6. Subsequent Events
Subsequent events have been considered through the date when this Form 10-Q was issued. Based on the evaluation, the Company did not identify any subsequent events that would have required adjustment to or disclosure in the unaudited consolidated financial statements.
Item 2. Management’s Discussion and Analysis of Financial Condition and Results of Operations
Statements made in this Quarterly Report on Form 10-Q, including without limitation this Management’s Discussion and Analysis of Financial Condition and Operations, other than statements of historical information, are forward looking statements within the meaning of Section 27A of the Securities Act of 1933, as amended, and Section 21E of the Securities Exchange Act of 1934, as amended. These forward-looking statements may sometimes be identified by such words as “may,” “will," “expect," “anticipate," “believe," “estimate" and “continue" or similar words. We believe that it is important to communicate our future expectations to investors. However, these forward-looking statements involve many risks and uncertainties including those identified in the Company’s Annual Report on Form 10-K for the year ended December 31, 2009. Our actual results could differ materially from those indicated in such forward-looking statements as a result of certain factors. We are under no duty to update any of the forward-looking statements after the date of this Quarterly Report on Form 10-Q to conform these statements to actual results.
Overview
Our primary focus is to provide real-time systems solutions, including equipment, systems, services and software to our customers in the hydrological, meteorological and oceanic monitoring markets. We design, manufacture and market our products, systems, services and software to a diversified customer base consisting of federal, state, local and foreign governments, universities, engineering firms and hydropower companies. Our products, systems, services and software enable these entities to monitor and collect hydrological, meteorological and oceanic data for the management of critical water resources, for early warning of potentially disastrous floods, storms or tsunamis, for the optimization of hydropower plants and for displaying and relaying real-time weather conditions at airports.

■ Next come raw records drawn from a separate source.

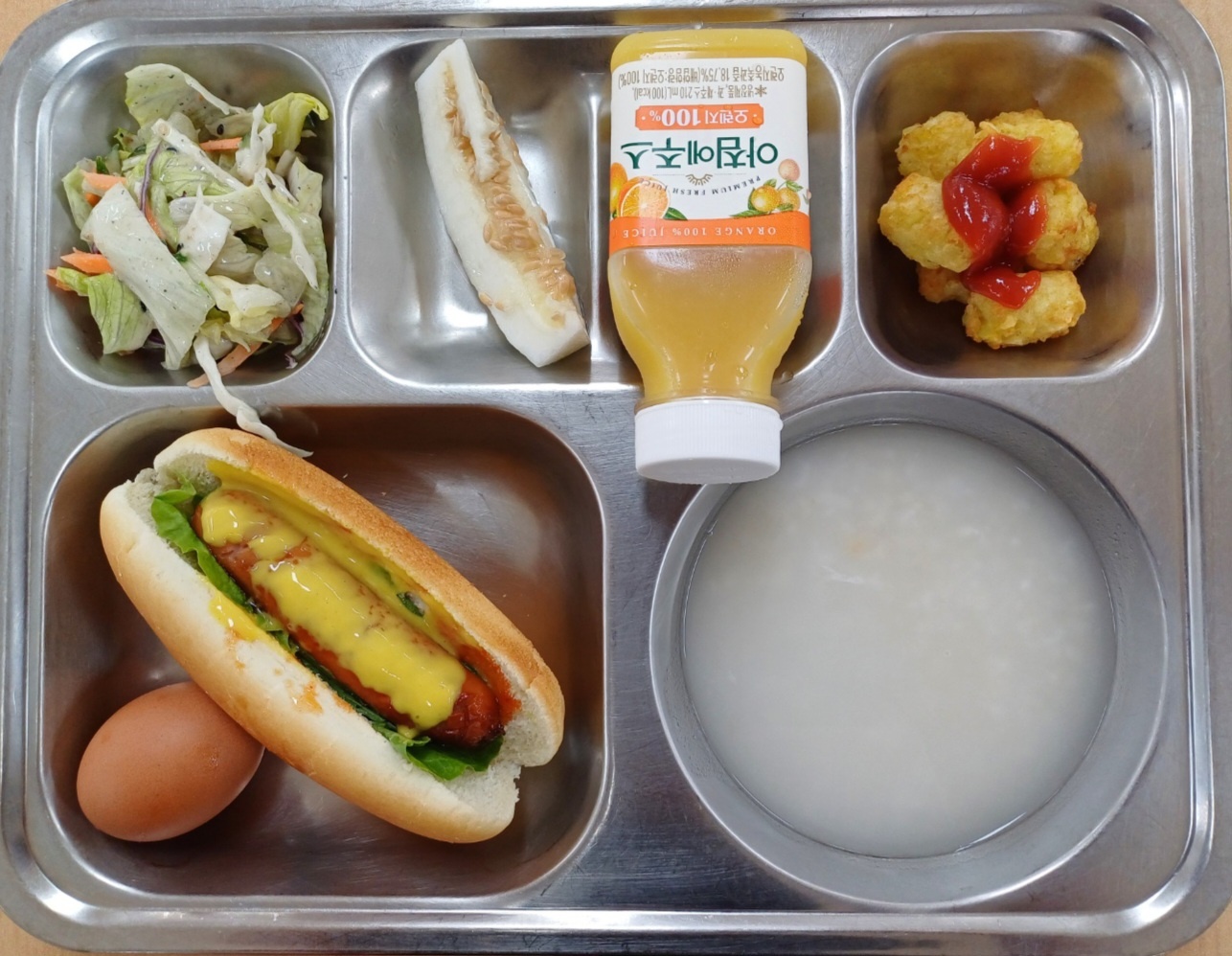 [조식] 칼집소시지핫도그,숭늉,삶은달걀,맛감자튀김*케첩,양상추샐러드/흑깨D,참외,오렌지주스
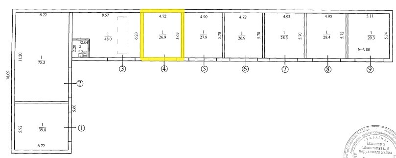 Площа запропонована до оренди – 26,90 кв.м
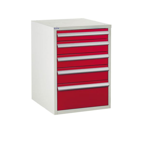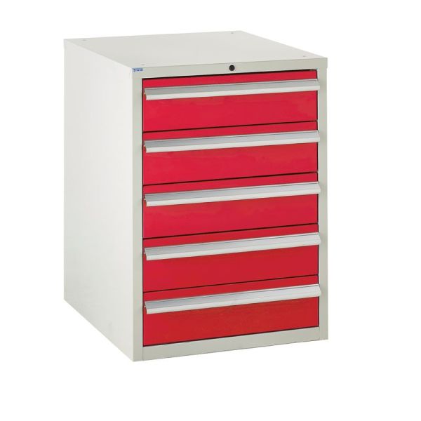 Euroslide 5 Drawer - 1x100mm, 2x125mm, 1x150mm, 1x250mm - H.825 W.600 D.750 - Red
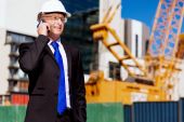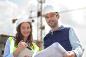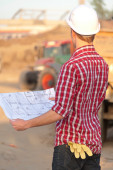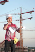 Architect working outdoors on a construction

Our key products are the SatLink2 Transmitter/Logger, the Xpert/XLite dataloggers, the Accububble Self-Contained Bubbler, the Accubar Pressure Sensor, NOS Tides Systems and Tempest and XConnect systems software. These are the essential components of most systems and are provided to customers as off-the-shelf equipment or as part of a custom system. The SatLink2 is a key product because it functions both as a transmitter and logger. The Xpert and XLite are more powerful dataloggers that have significant more logging capability and communications options than the SatLink2. Our Tempest and XConnect systems software allow us to provide turn-key systems solutions to our customers.
Our Hydrological Services Division provides a variety of services including hydrologic modeling, flood and storm water management, river and stream analysis and equipment integration, installation, commissioning and maintenance. The principal customer of this division has been the South Florida Water Management District (SFWMD) which is a regional agency of the state of Florida that is charged with managing and protecting water resources in a 16 county area.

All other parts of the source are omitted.